Back of the House

Eataly’s Vegetable Butcher Revealed

Photo: Patrick McMullan

Much to many a carnivore’s consternation, unrestrained vegetable-eating is on the rise, and to stay on top of the trend, Eataly has seen fit to put a full-time vegetable butcher on the books. That’s right. A vegetable butcher. And not just your average, run-of-the-mill vegetable butcher, but a vegetable butcher who went to Harvard, attended the Culinary Institute of America, and who also happens to be the brilliant installation artist Jennifer Rubell. It was during a midnight conversation at Del Posto, says Rubell, that she and her friend Mario Batali brainstormed the idea. (Who knows?
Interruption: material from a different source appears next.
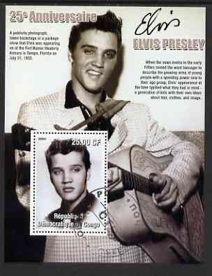 Congo 2002 25th Death Anniversary of Elvis Presley perf souvenir sheet #1 (1955 B&W portrait of Elvis in Tampa) cto used

Maybe they had had a little wine.) “You know Mario,” she says. “No matter how late at night you have a conversation with him, it’s not like he forgets, and that’s how I became the vegetable butcher.”

And what exactly does a vegetable butcher do? “Anything you want,” says Batali. “If you’re not familiar with how to trim an artichoke, we’ll trim you an artichoke. If you don’t think you have time to peel your baby carrots, you can leave them with us and go shop in the other parts of the store, and we’ll peel them. We’ll do anything other than cook them.” In case you were wondering, the service is free, but as for those carrot trimmings, they will cost you: The vegetable butcher will place them in a separate bag that will be weighed at the checkout counter, and then deposited into a handy compost bin. So is it art or is it commerce? “You know the line between what I do that’s art and isn’t art is so super-fuzzy,” says Rubell. “So it’s authentically a part of Eataly, and it will exist after I stop doing it. But at the same time, I see it as a kind of performance.”